Another alternative would be to try with OpenTelemetry instrumentation agent, the APM server supports native OTLP intake so it could be used as an alternative Java agent.

OK noted, thanks for your help and advice. Im going to try and use the trace_methods option, we have a call with our user today so will see how that goes. Noted also about not using com.ldap.*, that was just for me to see the syntax. We will try and identify the correct candidate classes with the user and pin it down to those. Thank you.

Hi - setting trace_methods to both
trace_methods=com.sun.jndi.ldap*
and
trace_methods=ldap
did not give us the desired results. From the 2nd config setting we can see some ldap references now in the discover view and also in the transactions, but we are still not seeing the ldap backend as a dependency or on the service map.

Ive raised a case with elastic for this now, and in the meantime we will take a look at open telemetry using the Otel java agent. Do you have any example otel properties files we could look at, specifically around the area of exposing ldap backends ?

Thanks

Hi,

Yes, using trace_methods does not allow to capture the backend as it only allows to capture a transaction/span. The ability to capture the service dependency requires code that captures the relevant data and stores it into the agent/otel data structures.

There is nothing specific in OTel semantic conventions regarding ldap attributes, thus I guess that trying to capture the generic span attributes like host and port should be the best option for now.

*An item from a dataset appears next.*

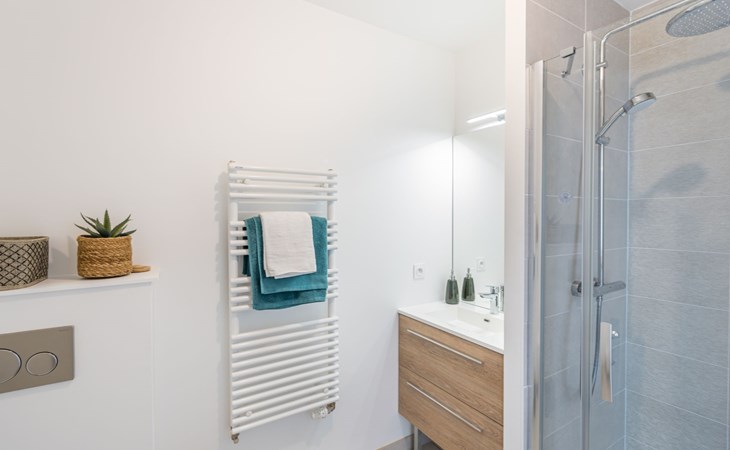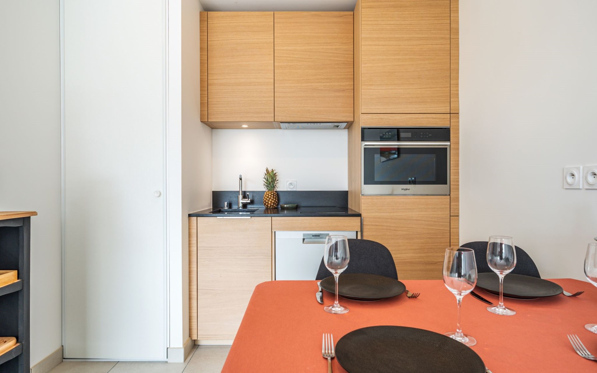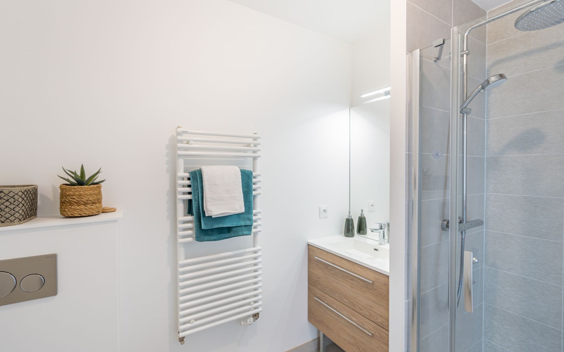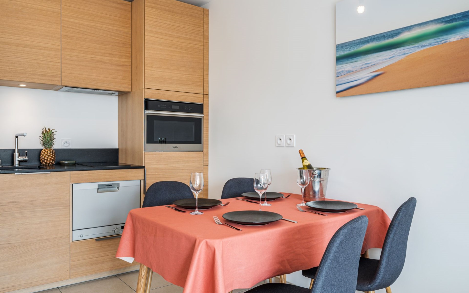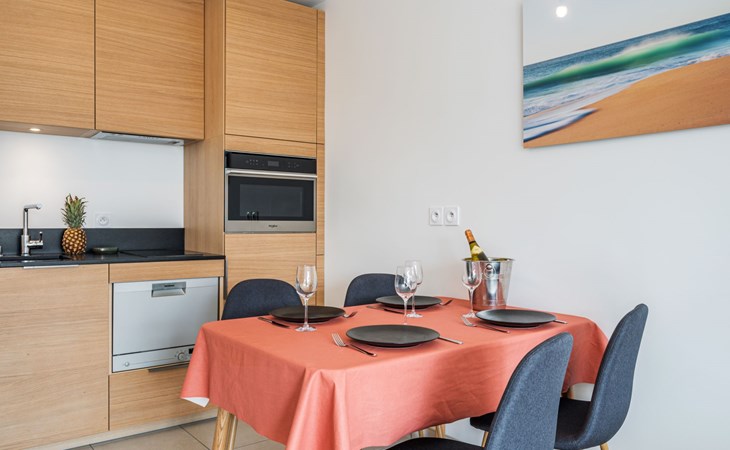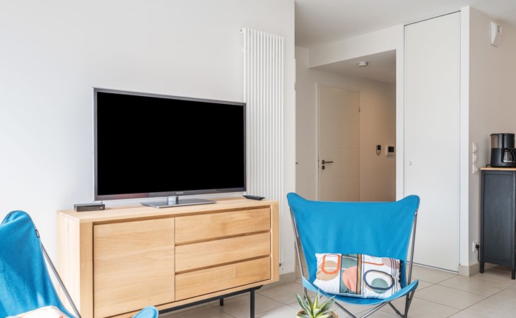 Moderne flatgebouw "Les Villas du Men Du", van 2 verdiepingen, bouwjaar 2022. In de plaats, 300 m van zee, van het strand. In het huis: bergruimte voor fietsen. Supermarkt 200 m, restaurant 500 m, bar, bakkerij 1 km, café, fietsverhuur 1 km, zandstrand "Plage du Men Du" 300 m, thermaalbad "Thalassothérapie Thalazur" 2 km. Golfterrein (18 holes) 15 km, surfschool 6 km, zeilschool 2 km. Attracties in de buurt: Les Alignements de Carnac 5 km, La Trinité sur Mer 5 km, Presqu'ile de Quiberon 15 km, Vannes 30 km, Lorient 40 km, Belle Ile en Mer, Houat, Hoedic. Wandelgebied Le Golfe du Morbihan 30 km.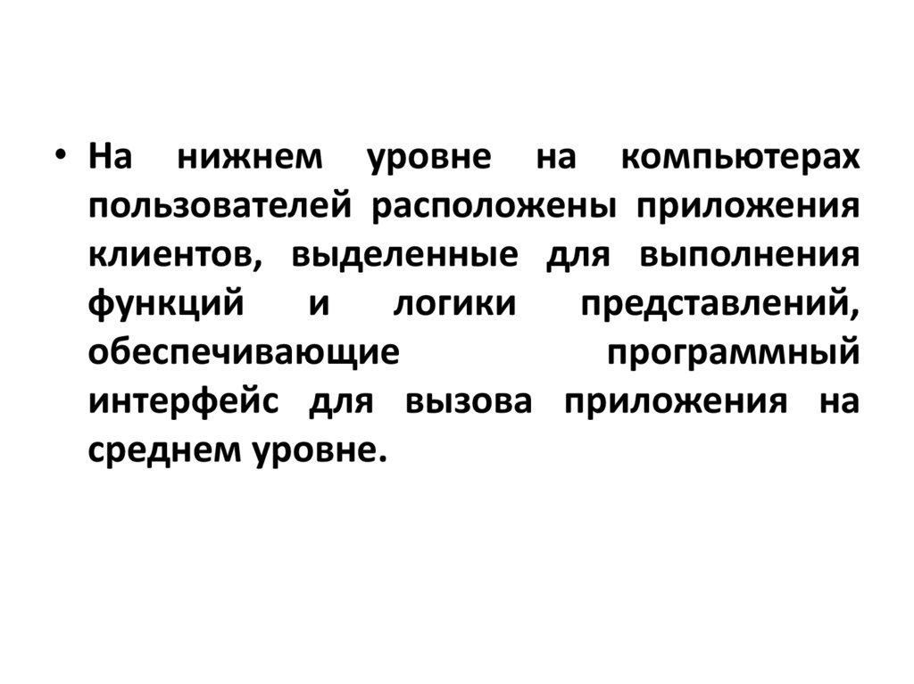 • На нижнем уровне на компьютерахпользователей расположены приложения

I haven't tested but it is likely that the apm server will automatically create destination from those generic attributes.

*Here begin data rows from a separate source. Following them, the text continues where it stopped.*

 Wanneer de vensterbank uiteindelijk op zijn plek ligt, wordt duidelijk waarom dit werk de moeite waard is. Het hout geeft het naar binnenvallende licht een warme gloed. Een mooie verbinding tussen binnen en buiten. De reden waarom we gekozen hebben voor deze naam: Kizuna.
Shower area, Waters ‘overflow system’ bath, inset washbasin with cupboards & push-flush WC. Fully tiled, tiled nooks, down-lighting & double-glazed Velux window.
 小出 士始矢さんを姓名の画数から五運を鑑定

The LDAP client you are mentioning, is that what is included in the JDK itself JNDI/LDAP Service Provider ? Have you checked the application dependencies (.jar files) to be sure there isn't a higher-level client used ?

When you say "raised a case with elastic", does it means you have also reached out to elastic support or does it only refers to this conversation on our public forum ? The reason I am asking this is because the forum is only "best effort" so you should not have very strong expectations for timely replies here, whereas a support case does.

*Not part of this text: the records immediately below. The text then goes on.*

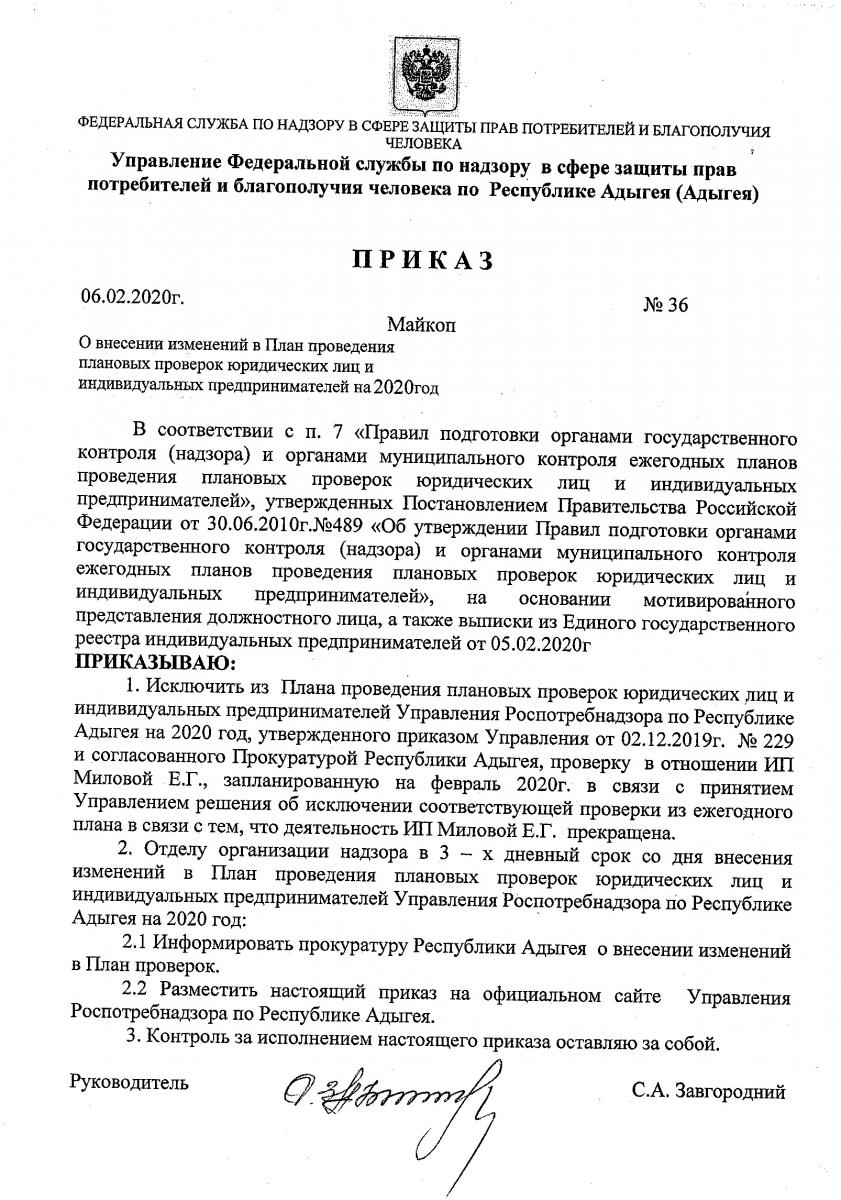 Приказ №36 "О внесении изменений в План проведения плановых проверок юридических лиц и индивидуальных предпринимателей на 2020 год"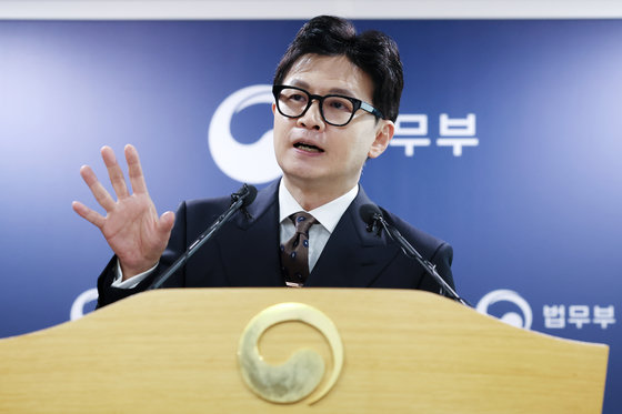 한동훈 법무부 장관이 24일 과천 법무부에서 ‘고위험 성범죄자 거주지 제한법(한국형 제시카법) 등 입법 예고 브리핑을 하고 있다. 2023.10.24 뉴스1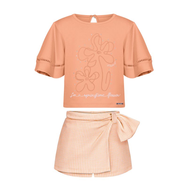 Conjunto Femininno Primeiros Passos Alakazoo 0085 Material: MALHA NEW YORK E MALHA SWEET Manga: MANGA CURTA Abertura: FECHADA Aplique Strass Detalhe com Renda na Manga Shorts Saia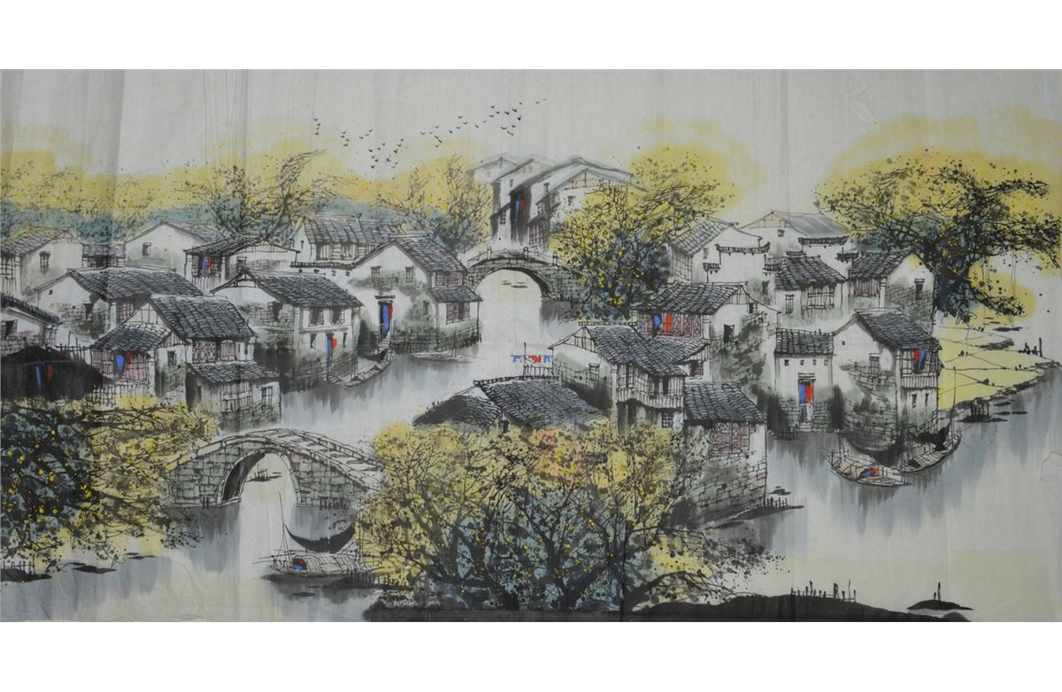 Chinese watercolour painting, ink and colour on paper; 133 cm x 70 cm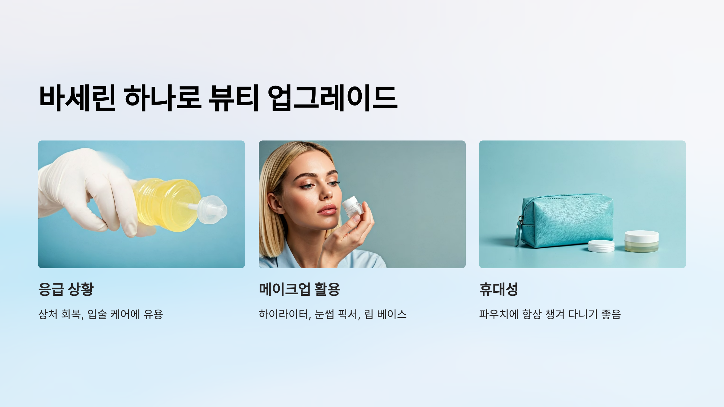 오늘 소개해드린 바세린 5가지 사용법, 어떠셨나요? 한 통으로 이렇게 다양한 뷰티와 건강 관리가 가능하다니 정말 놀랍죠. 특히 상처 회복이나 입술 케어처럼 응급 상황에서도 유용하고, 메이크업 트러블에도 큰 도움이 돼요. 저도 예전엔 그냥 입술 보습용으로만 썼는데, 이제는 파우치에 항상 챙겨 다니게 됐답니다. 여러분도 오늘부터 바세린 하나로 똑똑하게 뷰티 루틴을 업그레이드해보세요. 다음에도 알찬 꿀팁으로 다시 찾아올게요!

Hi, I have raised a support case with elastic for this issue. Ill be reaching out to the user today, but this is a 3rd party application and we dont have access to the source code so not 100% sure yet what LDAP service they are using. Thanks

Hi - one other question. We are looking at the open telemetry java agent to see if the ldap backend is detected with that. Is there an option to disable SSL in the otel agent, similar to this setting for the elastic agent

-Delastic.apm.verify_server_cert=false

maybe OTEL_EXPORTER_OTLP_INSECURE, I'm not sure if the OTEL java agent supports it

Thanks will try that

Hi - we have got the otel java agent deployed but the same issue persists with that agent, still not detecting calls to LDAP (Microsoft AD implementation). Thanks for all the suggestions, we will work with Elastic support going forward.

Hi @dave.richards ,

An update here: We are currently working on out-of-the-box LDAP support for the agent.
I have created a snapshot build which should automatically capture LDAP spans correctly and also make them visible in the service-graph / service dependencies:

Link to snapshot JAR

Would it be possible for you to try this snapshot agent and give some feedback whether it captures all the data you would like to see?

Hi Jonas, yes Il will download that and make it available to the team for testing.